GROSSETO – Benito Bromo era un giovane insegnate delle scuole medie quando Grosseto fu colpita dall’alluvione, il 4 novembre del 1966. È lui stesso a raccontare quella giornata, l’inizio, quasi normale, e il rocambolesco ritorno a casa su vari mezzi di fortuna.
Ecco il suo racconto:
Quella mattina di novembre mi recai a Campagnatico sede della scuola media dove insegnavo. Nel pomeriggio si teneva un consiglio di classe. Poiché l’Ombrone, ingrossato dalle abbondanti piogge, minacciava di uscire dagli argini, suggerii ai miei colleghi di sveltire la riunione perché, dissi loro, “l’Ombrone faceva paura”.
Al termine partii subito e con l’auto mi avviai verso Grosseto. Purtroppo, giunto ad una curva della strada che portava a Batignano, mi imbattei in una grande pozza d’acqua che bloccò la mia auto in mezzo alla strada.
Fu provvidenziale l’intervento di una pattuglia dei carabinieri. Con la loro auto mi trainarono fino ad un luogo sicuro dove poter lasciare il mezzo in panne. Grazie alla disponibile delle forze dell’ordine riuscii a raggiungere il bar di Batignano. Nel locale avevano trovato rifugio moltissime persone bisognose di riparo e di indumenti asciutti.

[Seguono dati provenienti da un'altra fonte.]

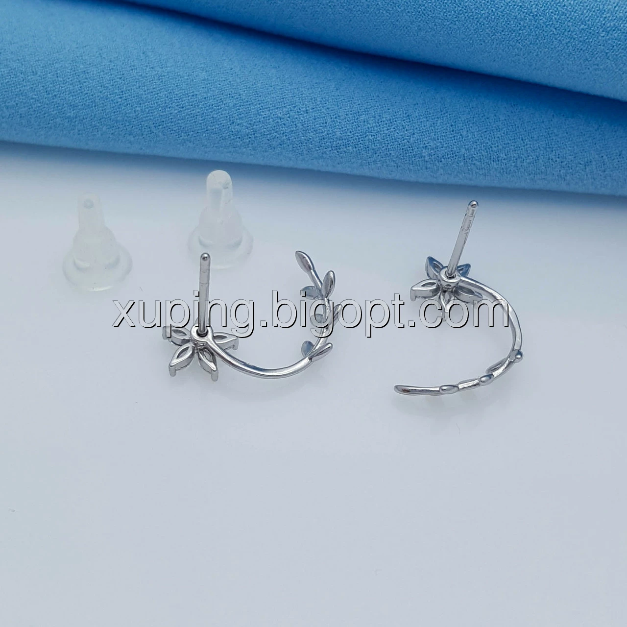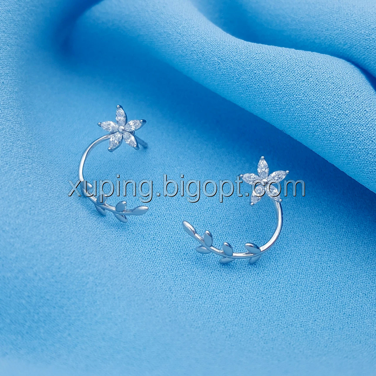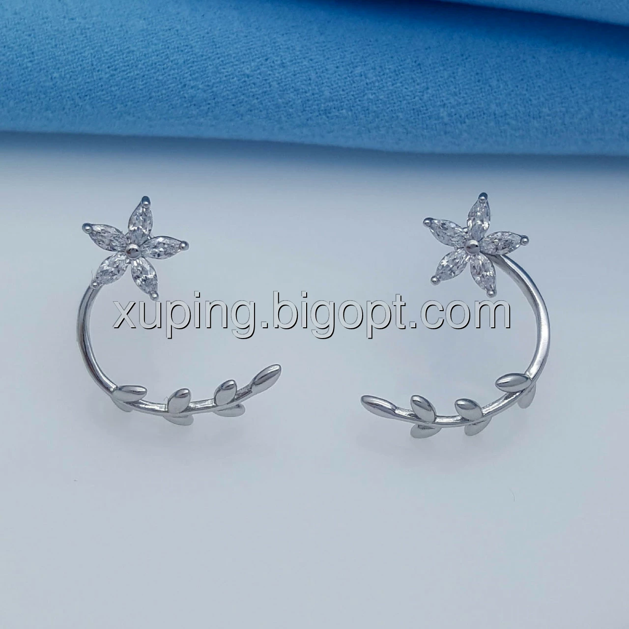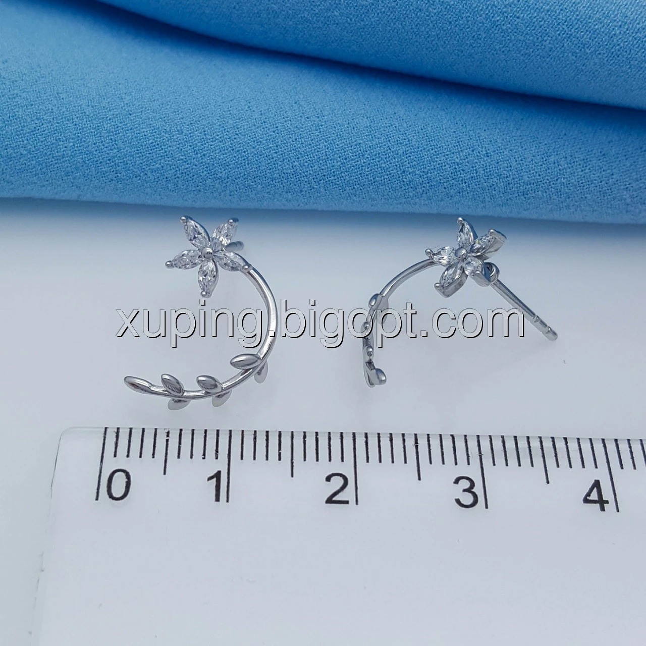 Сережки родовані, Квіточка з гілочкою, вставка цирконій, цвяшки Xuping

Ricordo che essendo arrivato tra gli ultimi non mi rimase altro che riscaldarmi con una bevanda calda consumata in piedi, addossato alla macchina del caffè il cui tepore mi dava un certo sollievo. Trascorsi la notte al riparo dalla pioggia, ma con i vestiti umidi, in condizioni psicologiche devastanti, anche dovute all’impossibilità di comunicare con la mia famiglia che non aveva mie notizie dal giorno precedente.
Nel pomeriggio riuscii a trovare un passaggio per Grosseto. Dopo pochi chilometri venimmo bloccati da un fiume d’acqua che attraversava la strada. Le auto 500 riuscivano ad avanzare, e approfittai di un passaggio per proseguire. Pensavo di essere ormai prossimo alla meta, ma giunto a Grosseto in piazza Volturno trovai un grande lago. L’acqua si frapponeva ancora tra me e la mia casa.

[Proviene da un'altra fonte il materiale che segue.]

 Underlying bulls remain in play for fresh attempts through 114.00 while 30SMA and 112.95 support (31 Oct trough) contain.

Con un canotto dei Vigili del fuoco, in continuo servizio di soccorso, raggiungevo l’inizio di via Oberdan e da lì, con un mio conoscente, occasionale compagno d’avventura/disavventura, che necessitava di ospitalità, proseguimmo a piedi verso casa di mia sorella. Finalmente qualcuno della mia famiglia poteva vedermi!
La mattina del terzo giorno non avendo ancora potuto dare mie notizie agli altri miei familiari salii sull’argine della ferrovia dove, in mezzo ad altre persone, gesticolando, riuscii a farmi notare da mio fratello e mia madre che abitavano in via Brigate Partigiane, zona in cui l’acqua era salita quasi a 4 metri di altezza.
La sera tardi riuscii, con stivaloni ai piedi, a raggiungere la mia abitazione. Potete capire la gioia soprattutto di mia madre.
Voglio chiudere questi ricordi con una nota importante: sono vivo grazie ad un’indicazione fatalmente non recepita. Prima di arrivare alla mia abitazione avevo incontrato delle persone che mi avevano indicato un percorso sicuro, in quanto l’acqua fangosa ed alta non permetteva di vedere il fondo stradale. Non avendo ben compreso ho seguito un altro percorso: se fossi passato nel luogo indicato sarei sprofondato in una grande buca che si era improvvisamente formata.